Dever is a pioneer in risk management and is credited with the development of one of the earliest comprehensive risk management models.  In the 1980s, he developed a statistically based money management and risk allocation model.  The purpose of the model was to allocate weightings equally to the strategies and markets within a portfolio in order to maintain balance of returns from all strategy-market combinations.  The intent of this portfolio allocation model is to ensure that no single market or strategy-market combination dominates the portfolio over an extended period of time.  Since that time, elements of this trading model have become popularized as risk parity investing.  In 1991, this model was incorporated in the Brandywine Benchmark Program, which was the first trading program to use risk parity portfolio management.

During the years 1999-2007, Brandywine traded multiple strategies and programs, including mutual fund arbitrage, market neutral equity, long-short equity, and futures strategies.  In addition, Brandywine's allocation to venture capital investing grew to over 50% of its business.

Brandywine believes in the dynamic nature of markets and the importance of taking an active approach to research.  The firm is built on a structure and a philosophy that requires continuous identification and development of new strategies for portfolio diversification.

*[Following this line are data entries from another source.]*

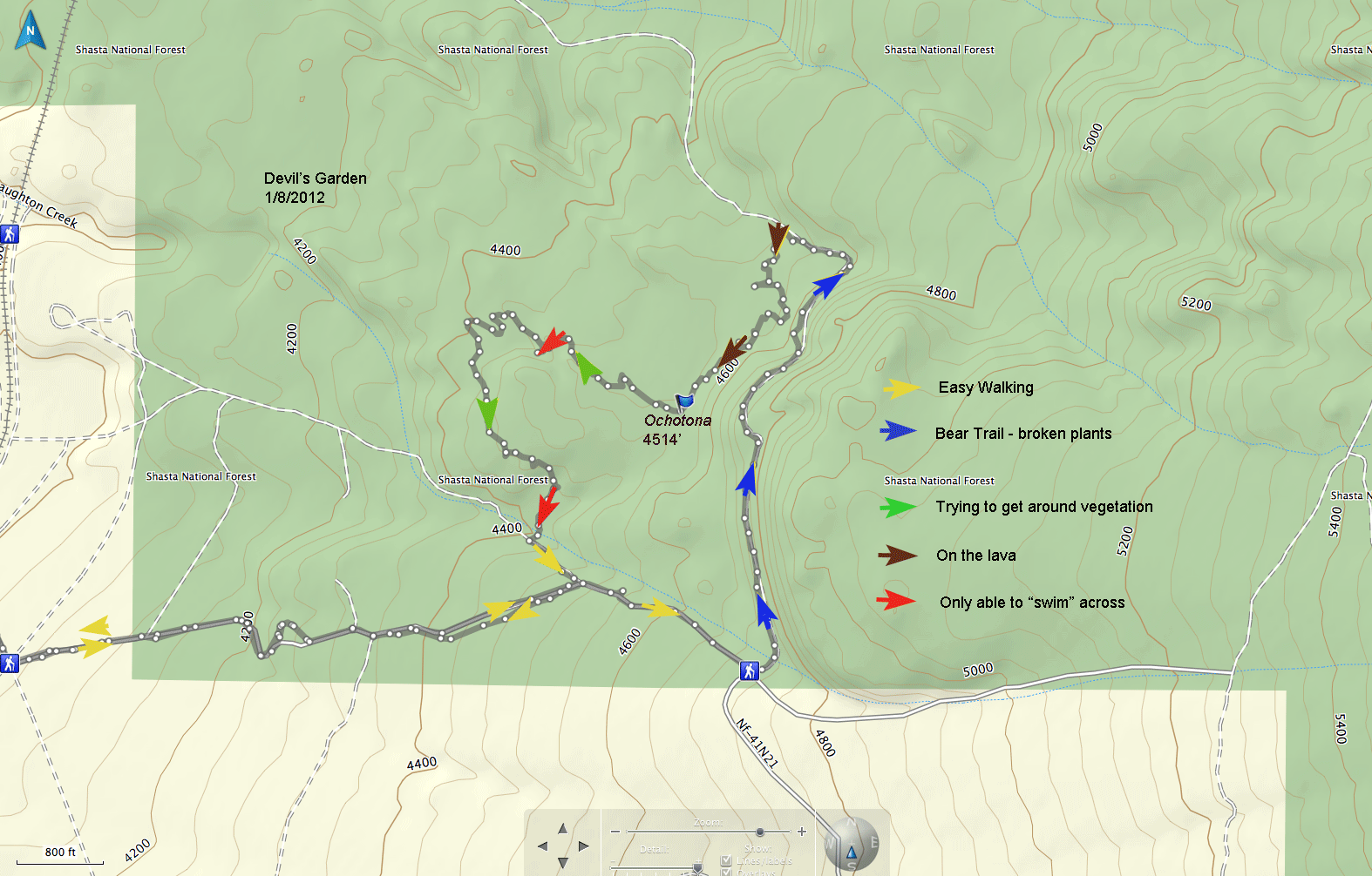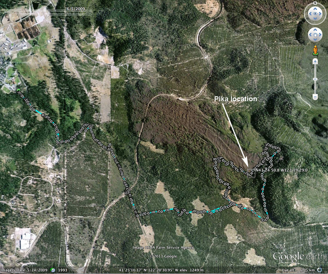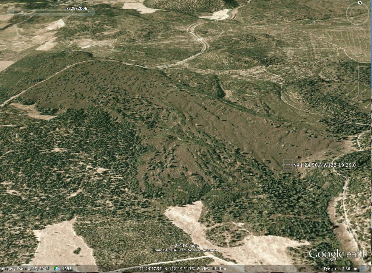 January 8, 2012 at N41.41411 W122.32473 also on April 21, 2012 at 4,481' N41.41384 W122.32546 |
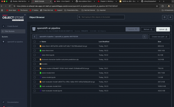 Click on this and look at the files in the bucket; the pipeline has written all of the training sets and the results into the bucket.
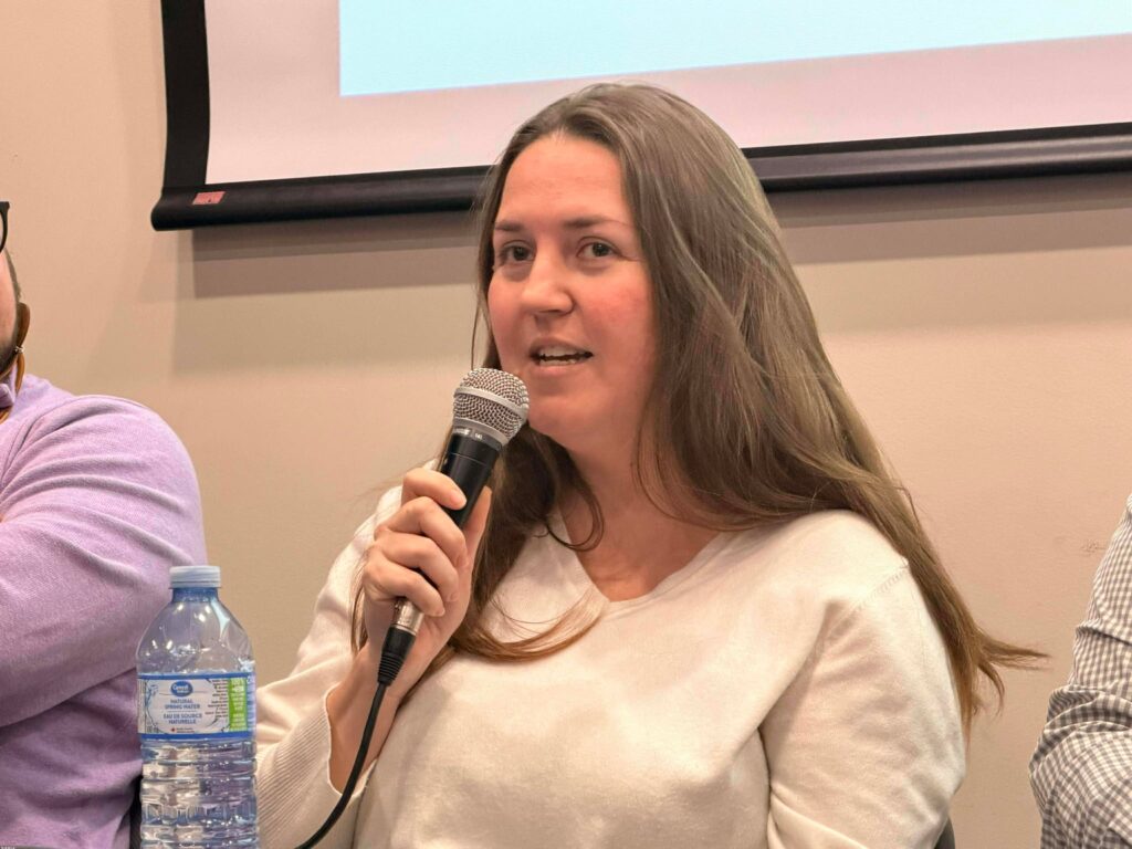 Liz Quenville spoke about the needs of the 2SLGBTQplus community and what meaningful allyship looks like. She emphasized that the people most affected must be included in every decision making process. She also stressed that rights are meaningless if basic needs such as housing, healthcare and safety are not met.
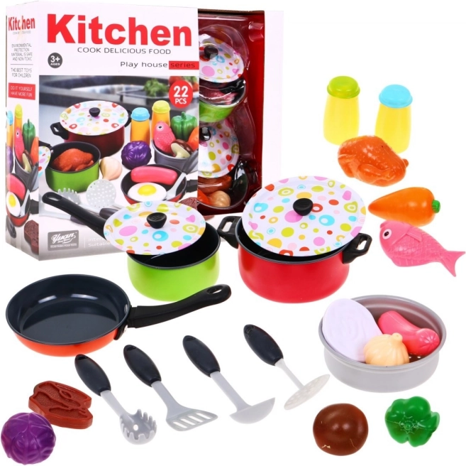 Set colorat de gătit pentru copii de la 3 ani include 22 de bucăți de unelte de bucătărie realiste. O distracție grozavă pentru micul tău bucătar sau bucătăreasă, susținând dezvoltarea imaginației și abilităților manuale.
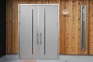 スロープ付きで全開口可能なバイク用の出入り口も断熱性の高い玄関ドアです。

The offices of Brandywine are located in an award-winning renovated 17th century grist mill in the Brandywine Valley, outside of Philadelphia, Pennsylvania.  The mill renovation project, which includes an actual reconstructed operating mill waterwheel, was designed by Thomas Dever, principal of Dever Architects and brother of Michael.  The project was awarded a 1997 Building Excellence Award by the Philadelphia Business Journal.

Current Status
Brandywine's trading approach is fundamentally based yet systematically applied.

The Brandywine Collective Investment Trust was launched in 2023 and is based on Brandywine's 40+ years of investing experience. The Trust contains a suite of investment funds that are designed to solve for "Sequence of Return" risk in retirement plans.

Investment Philosophy
The two cornerstones of Brandywine's investment approach are diversification and non-correlation of strategies and markets.  Brandywine implements a multi-strategy approach, which is unique in the industry.  Brandywine's philosophy is to create a relatively hedged portfolio, not by buying hedges which cost a premium but by incorporating multiple trading strategies in the portfolio which complement each other.  Brandywine follows a methodology based on "return drivers" to trade broadly diversified portfolios in the global currency, interest rate, stock index, metals, energy, and agricultural futures markets.  A return driver is the core underlying reason that drives the price of a market.  Brandywine's investment philosophy is based on the belief that the most consistent, persistent, and predictable investment returns across a variety of market environments are best achieved by combining multiple uncorrelated trading strategies (each designed to profit from a logical, distinct return driver) into a truly diversified portfolio.  Each strategy must have a high significance of occurring in the future.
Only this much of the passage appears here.